His remarks underscore mounting friction between the head of the country’s largest bank and the agencies shaping the new regulatory framework. According to the bank, the most recent draft of the proposals would increase JPMorgan's capital requirement by about 4% while, on average, competitors would experience a 4.8% reduction in their capital needs under the same drafts.

Officials and industry observers have noted the latest drafts are considered more favorable to the banking industry than an earlier 2023 version of the rules. Nevertheless, Dimon framed the current calculations as biased against firms with broad business mixes such as JPMorgan, and as relatively advantageous to pure trading firms on Wall Street.

The comments came on a day the bank reported a record profit for the second quarter. Investment banking fees reached their highest levels since 2021, fueled by sizable initial public offerings and other dealmaking activity. JPMorgan’s trading operations also posted gains, which management attributed in part to market volatility.

Taken together, the exchange highlights two parallel themes from the call: a regulatory dispute over capital methodologies and a strong financial performance driven by deal activity and trading. Dimon’s objections focus narrowly on how regulators compute required capital, asserting that an artificial inflation of the metric would impose an unfair burden on large, diversified banks.

While the bank has quantified the effect of the draft rules on its own balance sheet and compared that effect to competitors, the broader regulatory process and any final rule changes remain subject to further review and revision by regulators.
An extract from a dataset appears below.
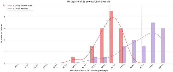 To evaluate the GUI’s effectiveness in supporting users to view, filter, and refine automatically generated KGs, we conducted an additional experiment. We selected the twenty-five lowest-performing KGs produced by CLARE and allocated fifteen minutes to improve each one. During this process, we were shown the facts each graph had missed in the original MINE evaluation and were free to add new nodes and relations or revise existing ones. The only constraint was that any newly created triples had to incorporate at least one existing node from the graph. After refinement, we reevaluated the graphs using MINE and compared the results. As shown in Figure 7, even these short interventions produced considerable gains, with the average KG’s fact accuracy increasing by 22.67%.

For now, the dispute adds another layer to ongoing conversations about prudential standards for large banking organizations.


Contextual note: The bank communicated the projected capital-change figures for JPMorgan and its peers as part of the discussion surrounding the proposed regulatory drafts.

Risks

  • Ongoing regulatory revisions to capital rules could alter capital planning and capital allocation for large banks - affecting the banking sector and capital markets.
  • Disagreement between large banks and regulators over methodology may create uncertainty for bank balance-sheet strategies until final rules are announced - impacting risk management and investor confidence in financial stocks.